The cave contains exceptional examples of all these types, including a 7-metre-tall stalagmite nicknamed the “Crystal Palace Pillar.”
The Crystal Palace Chamber
The highlight of the cave is the Crystal Palace (水晶宫) — a chamber approximately 90 metres wide and 14 metres high, containing dense clusters of stalactites and stalagmites arranged in what appears, under coloured lighting, as an underwater palace. The chamber holds over 1,000 people simultaneously.

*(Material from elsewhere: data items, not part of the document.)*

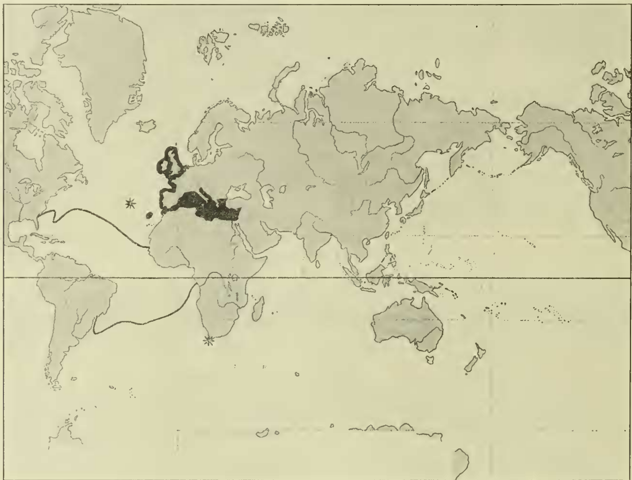
Karte 1. * Verbreitung der Gattung Epizoanthus an der westafrikanischen Küste. ■ Verbreitung von Anemonia sulcata . — Marine Oberflächenisotherme von 20° im kältesten Monat im Atlantischen Ozean nach SUPAN.

ordentlich ungleichmäßig. Die Cerianthaceen sind mit nur einer Art vertreten, die sich ausschließlich im äußersten Norden des westafrikanischen Küstengebietes (Madeira) findet. Auf die Unterordnung der Actiniaceen entfallen 17 Spezies, die sämtlich der Tribus Actiniinae angehören. Wenn man auch als sicher annehmen darf, daß mit der fortschreitenden Erforschung der westafrikanischen Küste noch stichodactyline Aktinien aufgefunden werden, so dürfte doch mindestens eine gewisse Armut an Stichodactylinen auch in Zukunft als das Wahrzeichen der westafrikanischen Fauna gelten. Die Actiniinen sind wahrscheinlich ziemlich gleichmäßig über die ganze westafrikanische Küste verbreitet. Von den Zoanthaceen kommen hier 9 Arten 1) vor, und zwar finden sich im tropischen Westafrika nur Angehörige der Subfamilie Brachycneminae, während im Norden (Azoren, Kanaren) wie im Süden (Kapland) neben Brachycneminen auch Macrocneminen auftreten. Jeder Versuch einer faunistischen Gliederung Westafrikas wird diesem Umstande Rechnung zu tragen haben und somit eine Dreiteilung der Küste vornehmen, wie sie bereits im systematischen Teile der Arbeit durchgeführt worden ist.
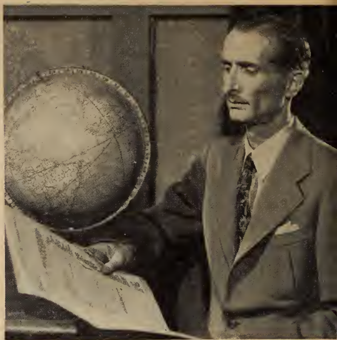
...le notaire Bellerose, élégant célibataire frisant quarantaine.

Il va pour poser une autre question, mais la phrase se perd dans un vague geste de remerciement; et l'homme se remet en route.
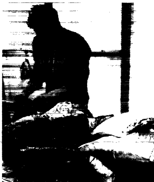
Da vi havde vist os som gode kunder, gav den handlende tilladelse til det obligatoriske turistbillede af brættet. Kødet er nyfanget vågehval.

Sisimiut er byen, der nærmest kom først med alle ting. Her opførtes Grønlands første fiskefabrik i 1927, og i 1930 indviedes Grønlands første skibsværft. I dag kan byen prale af landets eneste offentlige svømmebassin. Hvad det betyder for de yngste, kan enhver overbevise sig om ved at lægge vejen forbi svømmebølen, for den er, som så meget andet her i Arktis, udendørs og i fuld offentlighed. Heroppe er alt synligt. Det gælder f. eks. for fangeren, der lægger til kaj med sin lille jolle lastet med kød og skind. Turisternes kameraer klikker og
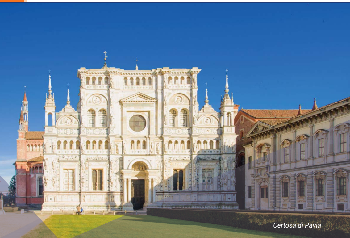
Certosa di Pavia

Clinica Pediatrica IRCCS Fondazione Policlinico San Matteo, Università Pavia
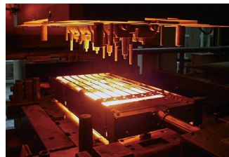
ハイパワー金型加熱器
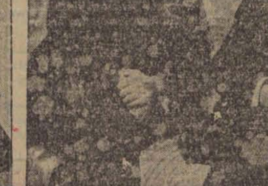
Minister Grandi i przewodniczący konferencji rozbrojeniowej Henderson. wypowiedzieli się przeciwko Francji, a za stronę Niemiec w kwestji równości zbrojeń. Od lewej strony Grandi, 2) Henderson, 3) kanclerz Bruening

The coloured LED lighting system (which replaced older fluorescent lights) cycles through sequences of blue, green, purple, and gold that transform the same formations into different visual experiences depending on the light colour. Photography here is either spectacular or garish depending on your aesthetic preferences — the formations are spectacular regardless of lighting.
The Circuit
The guided walking circuit is approximately 500 metres and takes 40–60 minutes with a guide narrating the formations’ shapes and names. As with most Chinese caves, the naming tradition is richly imaginative: “Lion Riding an Elephant,” “Virgin Forest,” “Red Mountain Maple,” and “Flower and Fruit Mountain” (a Monkey King reference) are among the more evocative designations.

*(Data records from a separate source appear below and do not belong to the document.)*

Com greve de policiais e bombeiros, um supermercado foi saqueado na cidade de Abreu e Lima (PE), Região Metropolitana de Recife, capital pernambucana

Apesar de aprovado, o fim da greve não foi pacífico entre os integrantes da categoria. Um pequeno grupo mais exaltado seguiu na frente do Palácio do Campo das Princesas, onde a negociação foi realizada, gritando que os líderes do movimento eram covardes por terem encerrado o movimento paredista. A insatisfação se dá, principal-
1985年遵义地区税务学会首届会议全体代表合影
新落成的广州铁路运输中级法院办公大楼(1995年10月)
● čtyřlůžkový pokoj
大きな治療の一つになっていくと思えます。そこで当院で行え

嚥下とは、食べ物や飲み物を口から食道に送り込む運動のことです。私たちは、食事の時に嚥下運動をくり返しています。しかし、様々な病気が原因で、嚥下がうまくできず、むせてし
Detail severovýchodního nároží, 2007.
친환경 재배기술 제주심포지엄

The circuit is entirely paved and accessible; no crawling or low passages.
Practical Information
Getting there: Bus 3 from central Guilin (20 min); taxi ¥15–20. Admission: ¥75. Hours: 8:00–18:00 (last entry 17:00). Best time: Weekday mornings to avoid the largest tour groups. Photography: Bring a wide-angle lens; the cave’s chambers are too large for a standard kit lens to capture fully. Tripod not permitted.
Combining with Guilin’s Other Sights
Reed Flute Cave combines well with:
- Seven Star Park (七星公园): Another cave system plus karst landscape park in the city’s east.
- Two Rivers and Four Lakes (两江四湖): The central city waterway circuit for evening boat rides.
- Elephant Trunk Hill (象鼻山): The city’s symbol; a karst hill shaped exactly like an elephant drinking from the Li River.
Reed Flute Cave is one of those places where the natural world reveals an architectural capability that puts human construction in perspective. The Crystal Palace took 180 million years to build; the entrance ticket took 30 seconds to scan.